<div class="alert alert-block alert-info">
TODO:

* update data on Allas to newest versions and separate original data and intermediate resultsta
* get original data from Puhti disk
* fix comments
* update filenames in paths cell
* update links to short variable description to latest
* Paths check, better to use absolute paths
* if time: test using only x and y location 
* create spatial features
* if time: check interactive map plotting
* check spelling and grammar
* use subplots for regression plots and find some nice variables to plot
* correlation heatmap (leftovers) vs clusters vs PCA or similar
* fill feature engineering
* use scikits one hot encoder over dummys from pandas
* check and sensify variable names
* teminology check: variables/features/attributes
* why store train and test sets as gpkg?
* store scaled and unscaled data?
* make sure to make it possible to go through in 30min



</div>

## Vector data for exercises

In this course, we will use the vector dataset **Paavo**, which represents postal code area statistics collected by [Statistics Finland](https://www.stat.fi).
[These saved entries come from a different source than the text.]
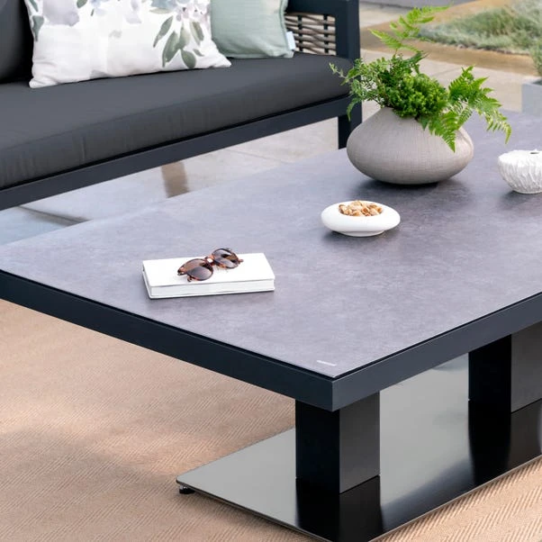 Made with a scratch and rust-resistant frame and UV-treated wicker, this sofa set comfortably seats up to five people. The set includes showerproof cushions for easy care, while the slate grey ceramic-glass top adds a touch of sophistication to your outdoor area. Perfect for lounging in comfort with style.
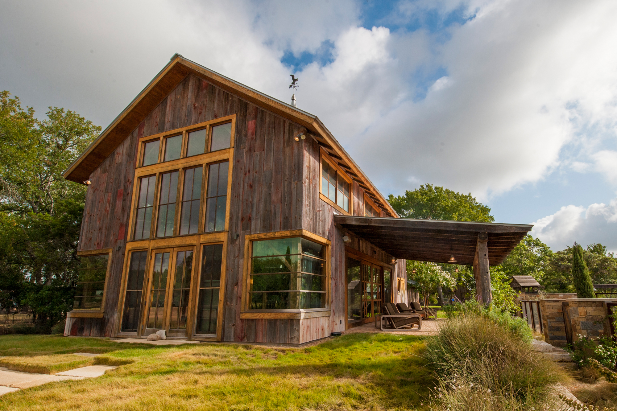 รูปแบบบ้านเลยเป็นแบบคอทเทจหลังใหญ่ ภายนอกนั้นเพิ่มความทันสมัยด้วยการติดกระจกหน้าต่างบนกรอบไม้ เพื่อทำให้พื้นที่ภายในได้รับแสงแดดส่องเข้าไปมากขึ้น ด้านข้างมีระเบียงและกันสาดยื่นออกมาไว้เป็นมุมนั่งเล่น เพื่อชมสวนสวยๆและสนามหญ้าสีเขียวที่ทำไว้รอบบ้าน
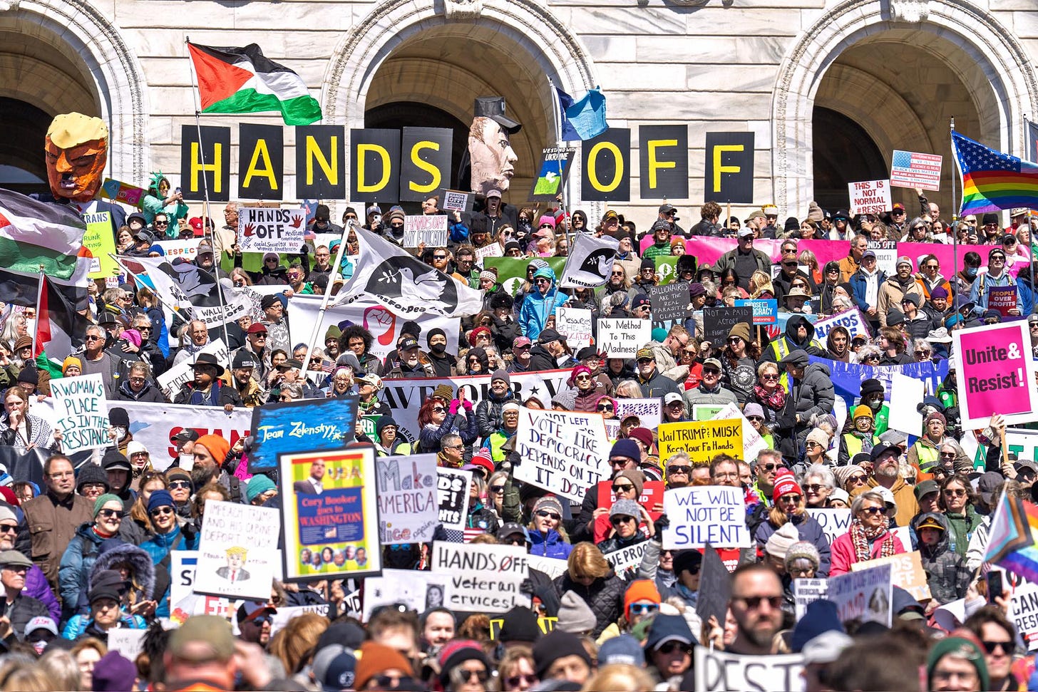 On April 1 I was up to my neck working with a team of about 20 activists planning the huge Hands Off! Rally that would be held at the Minnesota State Capitol on Saturday, April 5. And huge it was - about 43,000 people showed up even though that count was misrepresented in the media. There were hundreds of protests that day all over the country. Many people at the St. Paul event said it was the first time they had ever attended a protest of any kind.
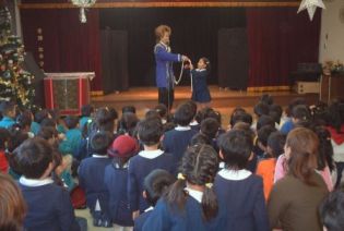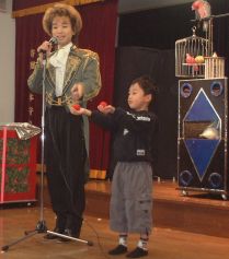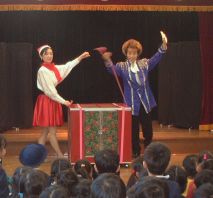 成木保育園のホールで千ヶ瀬第一保育園と駒木野保育園のお友達も 一緒に「渋谷慶太マジックファンタジア」のすばらしいマジックを見ました。 サンタクロースさんも一緒マジックを楽しみ、ビックリしていました。 |
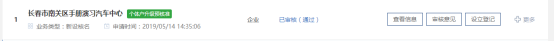 審核人員審核通過后,在我的申請里面查看本條企業(yè)信息是已審核(通過),如下圖:
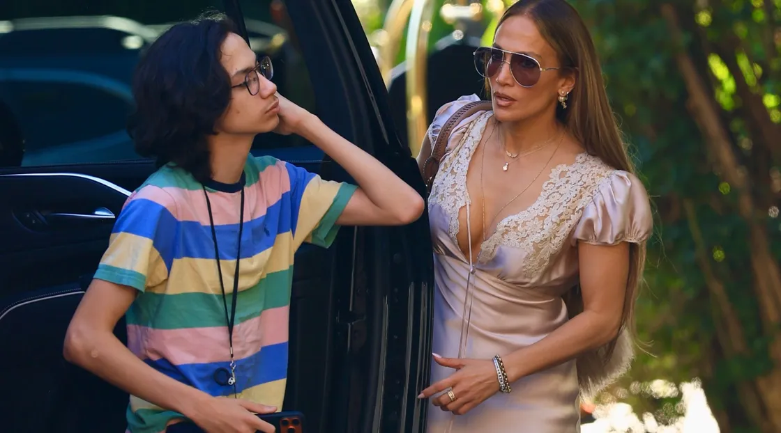 Дженнифер Лопес в платье с глубоким декольте без бюстгальтера вместе с 17-летним сыном поймали папарацци — 7 фото
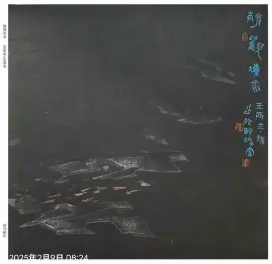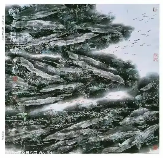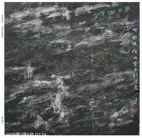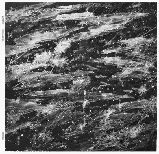这绝非简单的材料叠加:浓度配比、物理调控、落笔时机,每个环节都需千锤百炼!矾水浓度实验:从1%到饱和溶液,测试无数种配比寻找结晶临界点。物理操作增强灵动:对于"板结″不灵动的画面元素,施以"物理干预″处理。多层积墨技法:通过多次矾墨交替叠加,塑造冰雪的厚度与透明感。

Metadata description can be found on [Statistics Finland webpage](https://www.stat.fi/static/media/uploads/tup/paavo/paavo_kuvaus_en.pdf), see page 5 ff for field name descriptions.

Short variable descriptions of this dataset can also be found here in Finnish and English
* https://www.stat.fi/static/media/uploads/tup/paavo/paavo_lyhyt_kuvaus_2020_fi.pdf
* https://www.stat.fi/static/media/uploads/tup/paavo/paavo_lyhyt_kuvaus_2020_en.pdf

The dataset includes variables about each postcode area, describing:

1. Population Structure (24 variables) HE
2. Educational Structure (7 variables) KO
3. Inhabitants' Disposable Monetary Income (7 variables) HR
4. Size and Stage in Life of Households (15 variables) TE
5. Households' Disposable Monetary Income (7 variables) TR
6. Buildings and Dwellings (8 variables) RA
7. Workplace Structure (26 variables) TP
8. Main Type of Activity (9 variables) PT

The overall goal of the exercises is to predict the median income for each zip code based on other variables/features of the dataset. 
This exercise is meant to show the different steps to prepare a vector dataset for machine learning. To make this task worth an exercise, all variables/features of type HR (that tell about the income) are removed from the dataset.
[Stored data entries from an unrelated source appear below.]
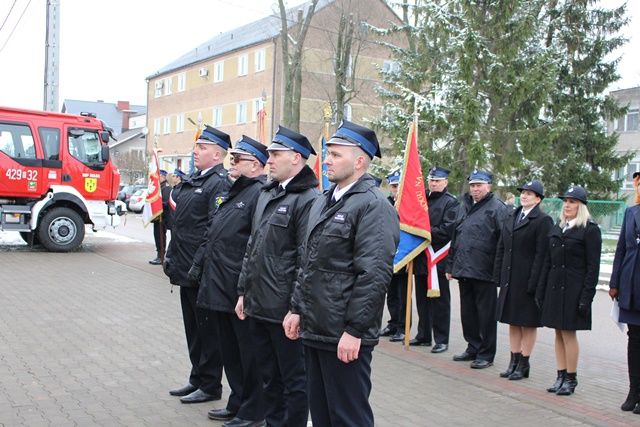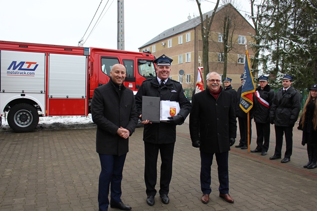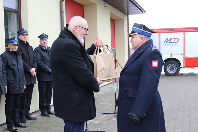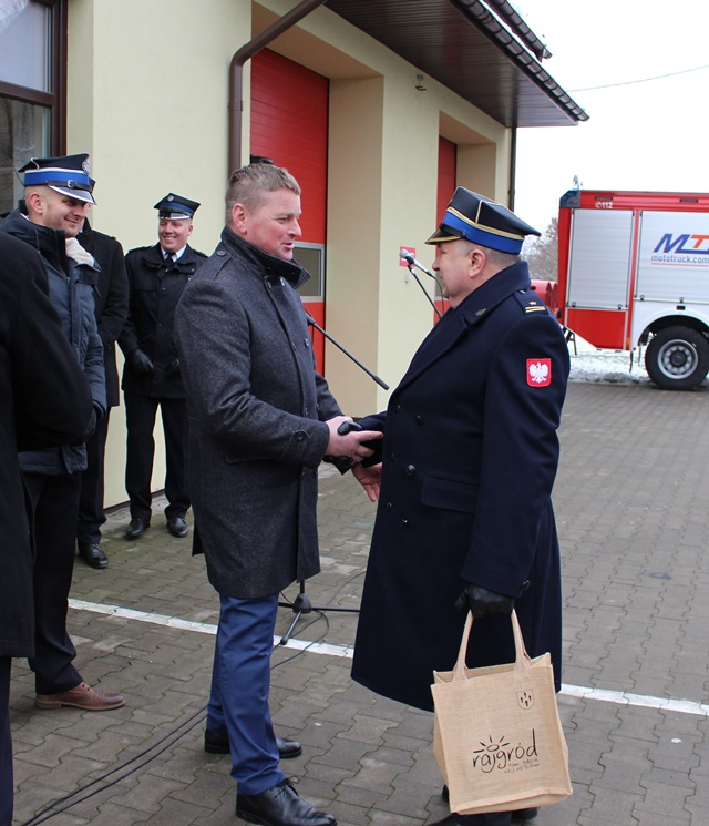 Kluczyki do nowego wozu oraz dowód rejestracyjny wręczyli Podlaski Komendant Wojewódzki Państwowej Straży Pożarnej starszy brygadier Sebastian Zdanowicz, Komendant Powiatowy Państwowej Straży Pożarnej w Grajewie młodszy brygadier Andrzej Beczko, Burmistrz Rajgrodu Ireneusz Gliniecki oraz Przewodniczący Rady Miejskiej w Rajgrodzie Marek Bućko.
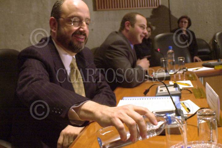 México D.F 26Febrero 2004.- Carlos de Icaza, recioen nombrado embajador de México ante Estado Unidos, antes de dar su conferencia de prensa se sirve una vaso de agua. FOTO: Eunice Adorno/CUARTOSCURO.COM
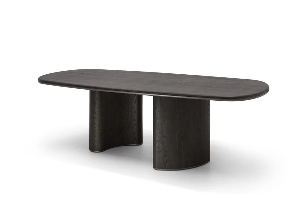 De GIULI eettafel van The Grand Collection is ontworpen om een ruimte te verankeren door middel van strakke geometrie en uitgebalanceerde proporties. Gemaakt van eikenhoutfineer en lak, afgewerkt in black oiled eiken - champagne. Afmetingen: L 240 cm × B 110 cm × H 75 cm.
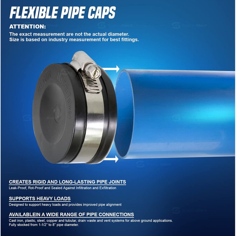 Supply Giant 3972 Flexible PVC Pipe Cap with Stainless Steel Clamps, 5.5" Inner Diameter for 5" Nominal Pipe, Black

Other spatial regression problems:
* Predict age of tree based on height, circumference, location, species,...
* predict algea concentration in lakes based on season, temperature, nutrients,...
* ...

## Vector data preparations

Content of this notebook:
0. Environment preparation
1. Data retrieval
2. Data exploration
3. Feature selection
4. Feature engineering
5. Feature encoding
6. Train/Test split
7. Feature scaling
8. Store the results

In this notebook we will prepare the Paavo dataset for Machine Learning, by downloading all the necessary datasets, clean up some features, join auxiliary
data and encode text fields, split the dataset into train and test set and scale the features for machine learning purposes. We will save the result as geopackage.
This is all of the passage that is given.